Пожирательница гениев - Мизиа Серт Страница 13

Книгу Пожирательница гениев - Мизиа Серт читаем онлайн бесплатно полную версию! Чтобы начать читать не надо регистрации. Напомним, что читать онлайн вы можете не только на компьютере, но и на андроид (Android), iPhone и iPad. Приятного чтения!

Пожирательница гениев - Мизиа Серт читать онлайн бесплатно

Пожирательница гениев - Мизиа Серт - читать книгу онлайн бесплатно, автор Мизиа Серт

Чувство, что меня так хорошо слушают, придавало моей игре особенную эмоциональность. В то время как музыкальная фраза рождалась, начинала дышать, принимать форму, утверждаться в той тишине, особенность которой придавало присутствие Малларме, возникала такая хрупкая и одновременно тесная внутренняя связь, соединяющая нас, что, играя, я непроизвольно шептала строки его стихов.

Слова, высеченные на тысяче драгоценных камней, чьи грани так меня обольщали и ослепляли, что на глазах выступали слезы. Обессилев, я чувствовала, как звуки угасают и умирают под моими пальцами.

Дом в Вальвене стал слишком тесен для «лакировщиков» — как называл Валлоттон моих друзей-художников. Так как мне было неприятно, когда они уходили, а им хотелось остаться, приходилось их устраивать у нас в доме. И мы с Таде стали искать большой дом на берегу реки и недалеко от Парижа. Во время одной из автомобильных прогулок мы нашли в Вилльнёве на берегу Ионны прелестный дом, который служил когда-то почтовой станцией. Я быстро там обосновалась. Меня печалило лишь то, что не было рядом Малларме. Каждый раз к Новому году он присылал мне превосходную гусиную печенку, сопровождаемую четверостишием. Гусиная печенка съедена, а четверостишия исчезли… Осталось одно-единственное, на веере, и оно меня никогда не покинет.

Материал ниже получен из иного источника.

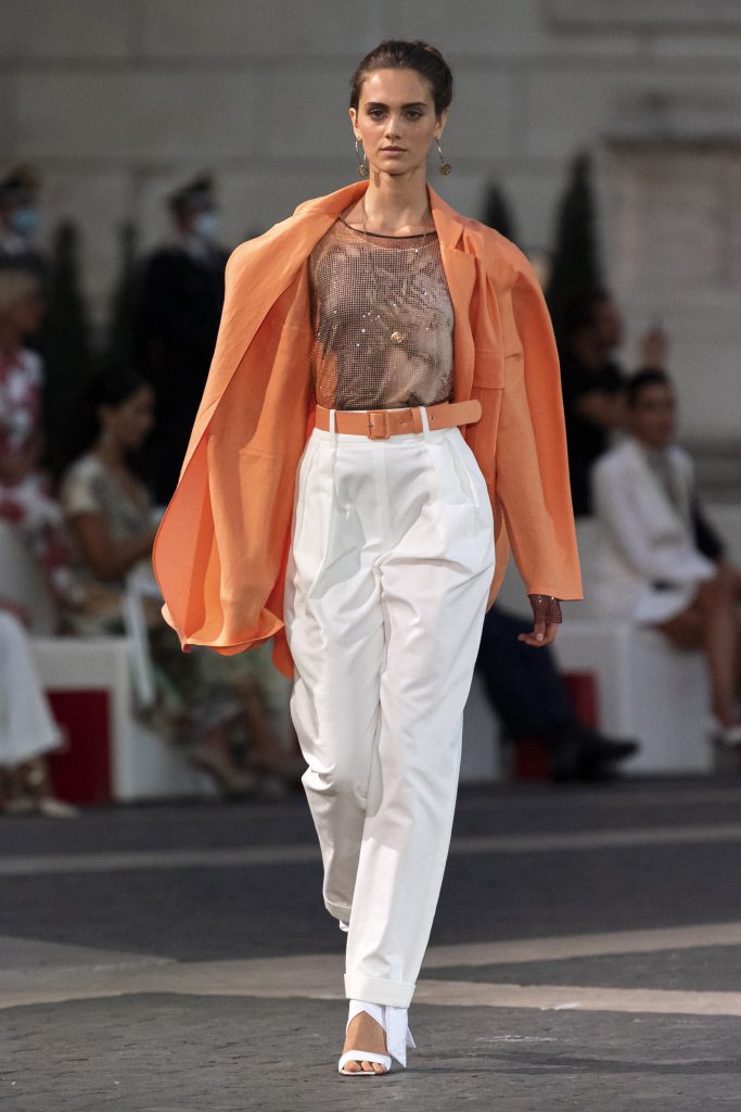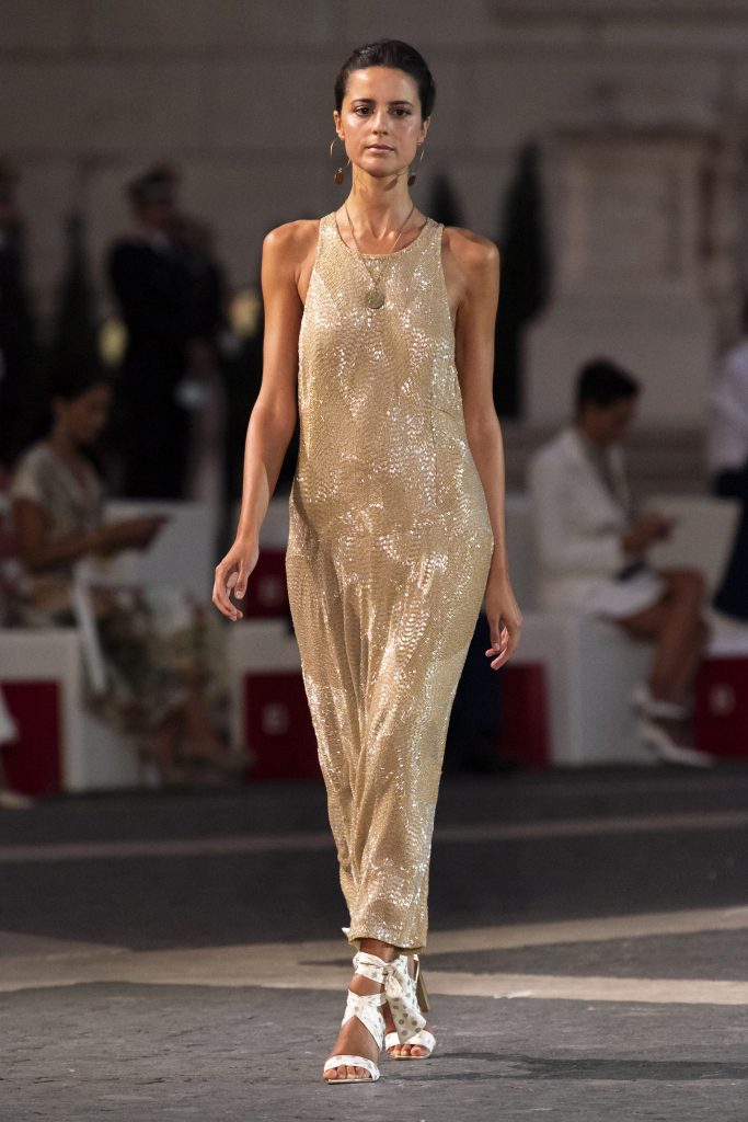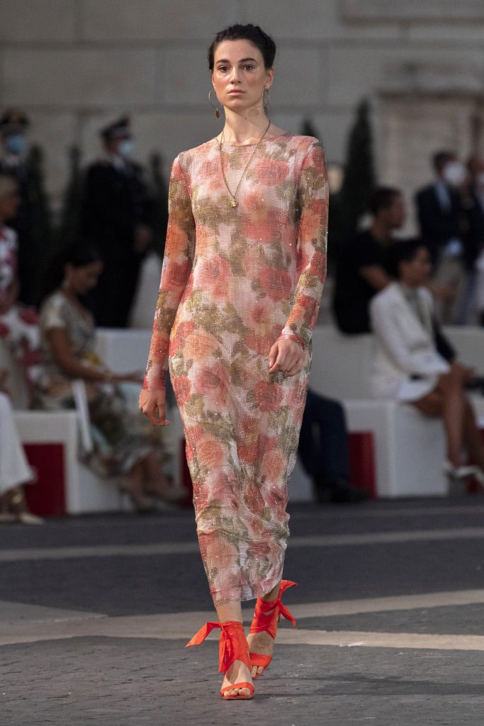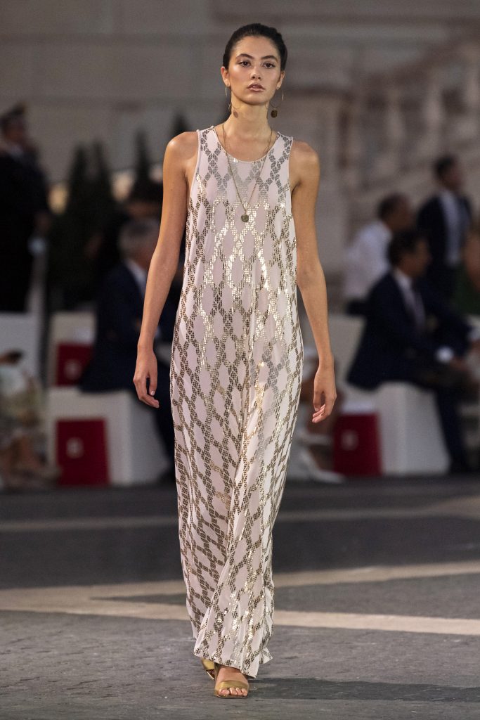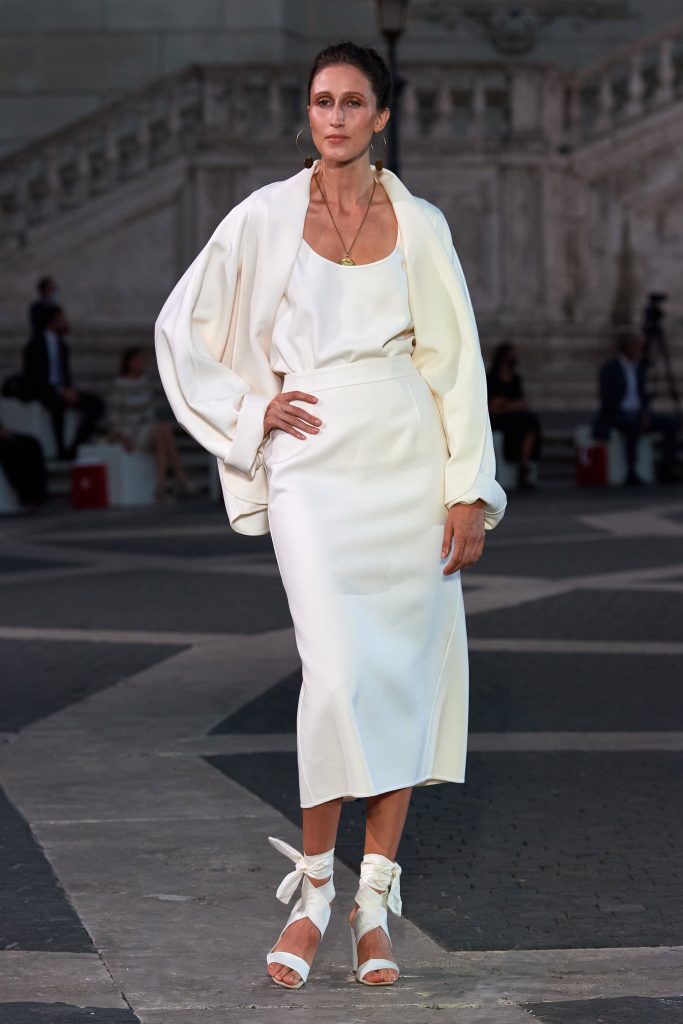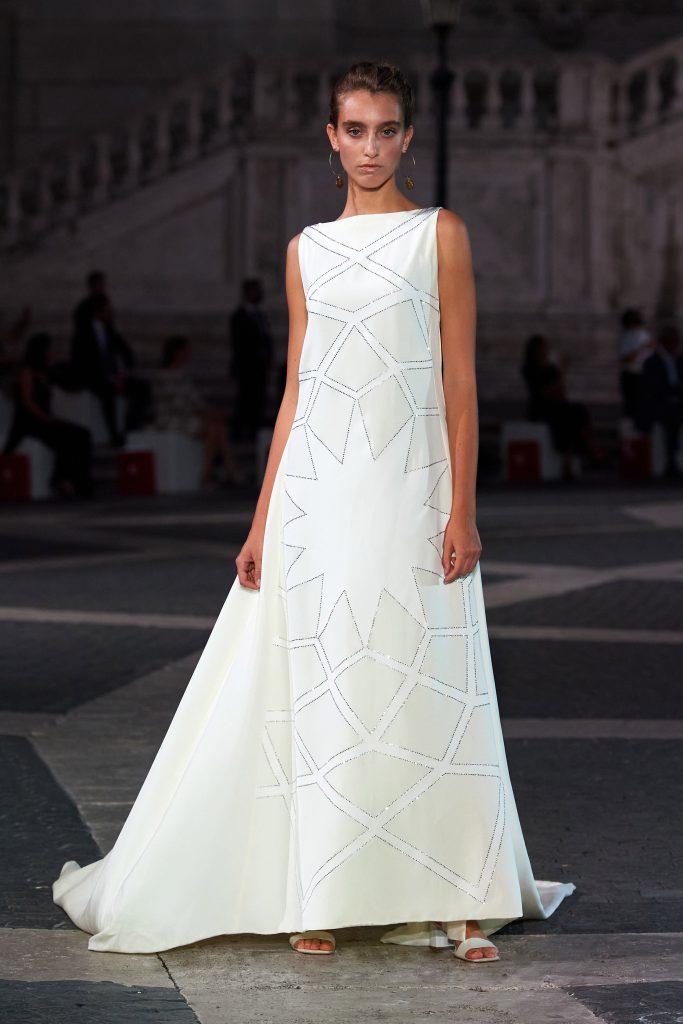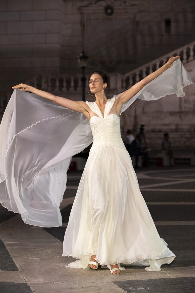 L’étoile dell’Opera di Roma Eleonora Abbagnato aleggia come una libellula avvolta in seta lamé plissé soleil guidando una schiera di leggiadre vestali che si muovono come sospese in aria sulle note del tema musicale del fim ‘Mission’ creato negli anni’80 da Ennio Morricone, altro pilastro del Made in Italy. Uno scroscio di applausi accoglie nel gran finale dello show la carismatica Anna Cleveland, altra performer in stato di grazia, che volteggia sulla piazza accarezzata da un peplo insostenibile in chiffon avorio. La precede una sposa con un abito che riproduce il sublime disegno della piazza. Esultano nel parterre (solo 100 invitati selezionatissimi) Romina Power e Nancy Brilly, Mara Venier e un’abbagliante Cristina Chiabotto, Massimiliano Rosolino e Milly Carlucci, senza contare Laura Chiatti, ambasciatrice dell’ultimissima fragranza della maison, e le autorità istituzionali: Virgina Raggi, Luigi Abete, Stefano Coletta Direttore di Rai 1 e Pierluigi Monceri direttore regionale di Intesa San Paolo. Un en plein fra fashion e mondanità, perché ciò che conta è ripartire col piede giusto, ed è nella bellezza in fondo che la società può disegnare il suo futuro.
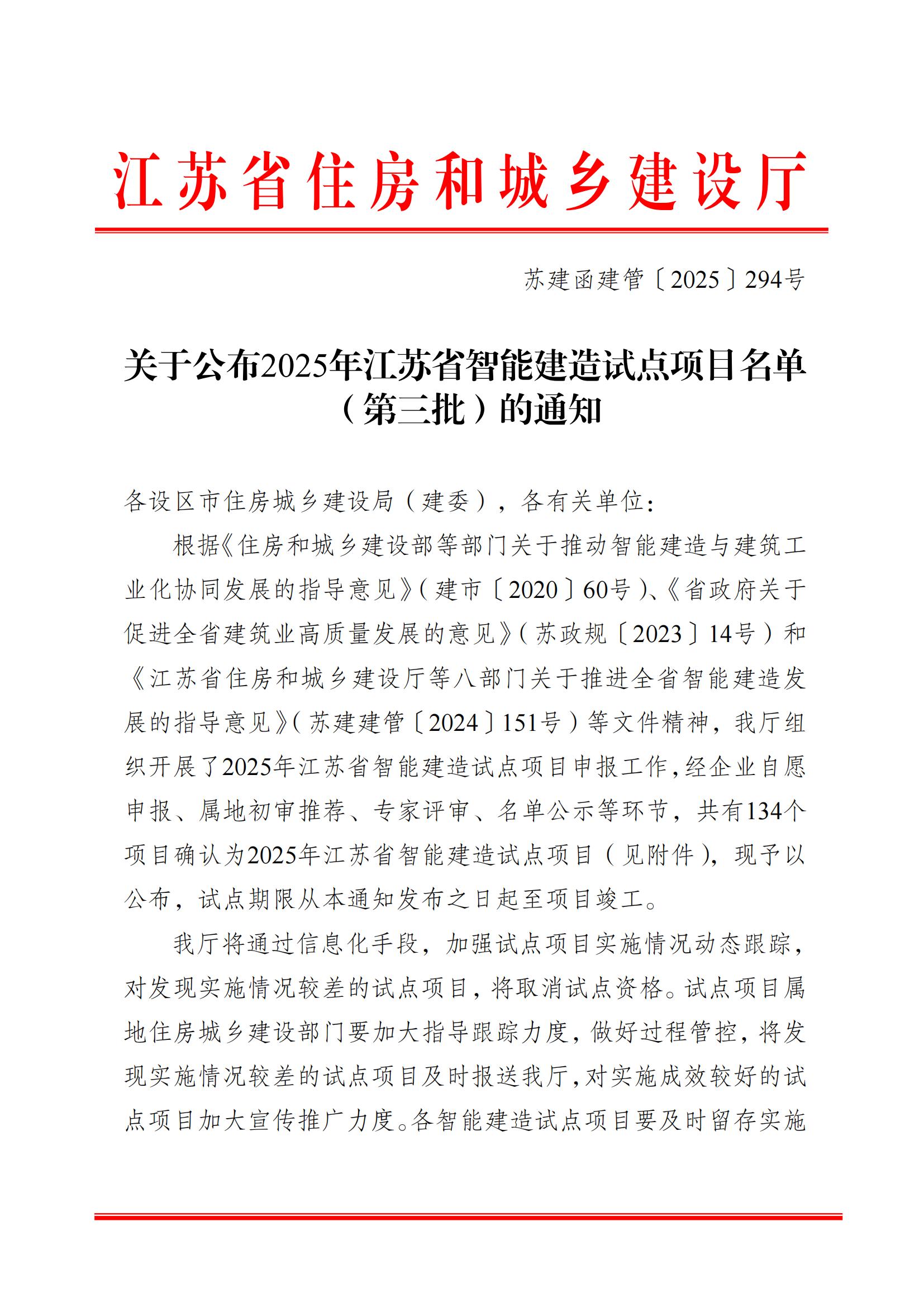 近日,江蘇省住房和城鄉(xiāng)建設(shè)廳正式公布了2025年度江蘇省智能建造試點項目名單(···

Я не испытываю ни малейших угрызений совести от того, что столько прекрасных стихов потеряно, что дюжины рисунков Тулуз-Лотрека, сделанных на меню, выброшены вместе с остатками вчерашнего обеда, что не могу найти у себя сонет Верлена, в котором он объясняет, почему я стала розой…

Все это приходило ко мне, как букеты цветов; мне было двадцать лет, я была твердо убеждена, что жизнь похожа на сказки, которые рассказывал Малларме. Мысль о том, чтобы классифицировать, вставлять в рамки, хранить то, чем жизнь щедро одаривала меня день за днем, казалась смешной или кощунственной. Это все равно что засушивать самые прекрасные цветы, накалывать бабочку булавкой, делать чучела собак, которых я обожала, и стараться запереть в стакане луч солнца. Некоторые говорят мне сейчас учтиво-негодующим тоном музейных хранителей, признавая смягчающее вину обстоятельство, как варвару из хорошей семьи: «Какая жалость, какие потери для искусства!» Но это говорят те, кто тридцать лет назад хохотал до упаду над картинами Ренуара, спрашивал, какой стороной следует повесить пейзаж Боннара, не знал о существовании Малларме, кричал о возвращении в пещерную эру, слушая Стравинского, и отказывался заплатить мне двести франков за замечательные полотна Ван Гога, которые я купила за сто пятьдесят, чтобы прийти на помощь его вдове…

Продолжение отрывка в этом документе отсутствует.